Ok, let's run it again and see if we improved!


In [None]:
runner_with_extended = Runner(
    classify_with_extended,
    dataset_repository,
    run_repository,
    "running for adjusted prompt & better model",
)
run_overview_with_extended = runner_with_extended.run_dataset(cleaned_dataset_id)
eval_overview_with_extended = evaluator.evaluate_runs(run_overview_with_extended.id)
aggregation_overview_with_extended = aggregator.aggregate_evaluation(
    eval_overview_with_extended.id
)

In [None]:
aggregation_overview_with_extended

So using a bigger model further improved our results to 67%. But there are still wrongly predicted labels:

In [None]:
incorrect_predictions_lineages = [
    lineage
    for lineage in evaluator.evaluation_lineages(eval_overview_prompt_adjusted.id)
    if not isinstance(lineage.evaluation.result, FailedExampleEvaluation)
    and not lineage.evaluation.result.correct
]

df = evaluation_lineages_to_pandas(incorrect_predictions_lineages)
df["input"] = [i.chunk for i in df["input"]]
df["predicted"] = [r.predicted for r in df["result"]]
df.reset_index()[["example_id", "input", "expected_output", "predicted"]]

So let's analyze this in more depth by visualizing how often each label was expected or predicted in a histogram. 

In [None]:
by_labels = aggregation_overview_with_extended.statistics.by_label

expected_counts_by_labels = {
    label: by_labels[label].expected_count for label in by_labels.keys()
}
predicted_counts_by_labels = {
    label: by_labels[label].predicted_count for label in by_labels.keys()
}

x_axis = numpy.arange(len(expected_counts_by_labels.keys()))
pyplot.bar(
    x_axis - 0.2, expected_counts_by_labels.values(), width=0.4, label="expected counts"
)
pyplot.bar(
    x_axis + 0.2,
    predicted_counts_by_labels.values(),
    width=0.4,
    label="predicted counts",
)
pyplot.ylabel("Classification count")
pyplot.xlabel("Labels")
pyplot.legend()
_ = pyplot.xticks(x_axis, by_labels.keys(), rotation=45)

As we can see our task tends to overpredict the `Customer` label while it underpredicts `Infrastructure`, `CEO Office` and `Product`.

We can get even more insight into the classification behaviour of our task by analysing its cross-matrix.
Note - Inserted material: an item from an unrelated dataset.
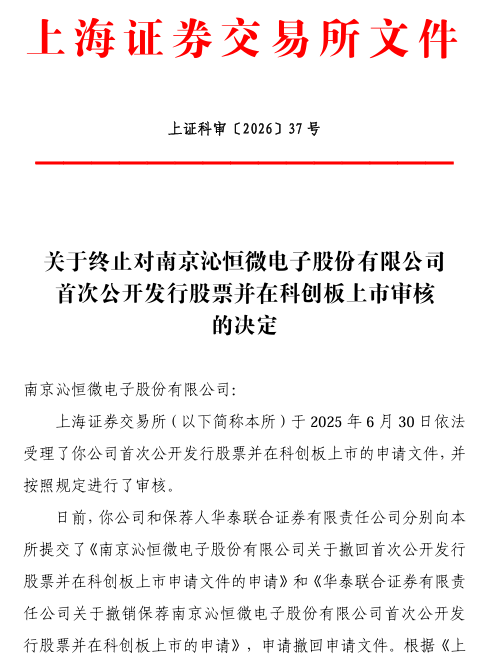 新华日报财经讯 1月20日,上交所宣布终止对南京沁恒微电子股份有限公司首次公开发行股票并在科创板上市的审核。此次终止的直接原因是公司及保荐机构华泰联合证券有限责任公司主动撤回了发行上市申请文件。至此,沁恒微成为2026年开年以来第二家科创板IPO折戟的企业。
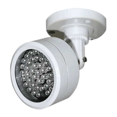Water resistant and IP65, certified for both interior and exterior use. Fitted with a photocell light detector to switch on the IR illumination when the lighting conditions are low. Thereby its 4 IR LED's activate automatically and provide the infrared illumination necessary for security cameras to function in low light conditions. Beam width 60º.

From the off-diagonal cells in the cross-matrix we can see the explicit misslabeling for each class. This helps us to see if a specific class is frequently misslabeld as a particular other class. 

In [None]:
confusion_matrix = aggregation_overview_with_extended.statistics.confusion_matrix

data = []
for (predicted_label, expected_label), count in confusion_matrix.items():
    data.append(
        {
            "Expected Label": expected_label,
            "Predicted Label": predicted_label,
            "Count": count,
        }
    )

df = pandas.DataFrame(data)
df = df.pivot(index="Expected Label", columns="Predicted Label", values="Count")
df = df.fillna(0)
df = df.reindex(
    index=labels, columns=labels, fill_value=0
)  # this will add any labels that were neither expected nor predicted
df = df.style.background_gradient(cmap="grey", vmin=df.min().min(), vmax=df.max().max())
df = df.format("{:.0f}")
df

In our case we can see that the bias towards the `Customer` class does not come at the cost of one particular other class, but is caused by a more general mislabeling. 

As you can see there is plenty of room for further improvements of our classification task. 

Notice, for instance, that so far we did not tell our classification task what each class means.

The model had to 'guess' what we mean by each class purely from the given labels. In order to tackle this issue you could use the `PromptBasedClassifyWithDefinitions` task. This task allows you to also provide a short description for each class.

Feel free to further play around and improve our classification example.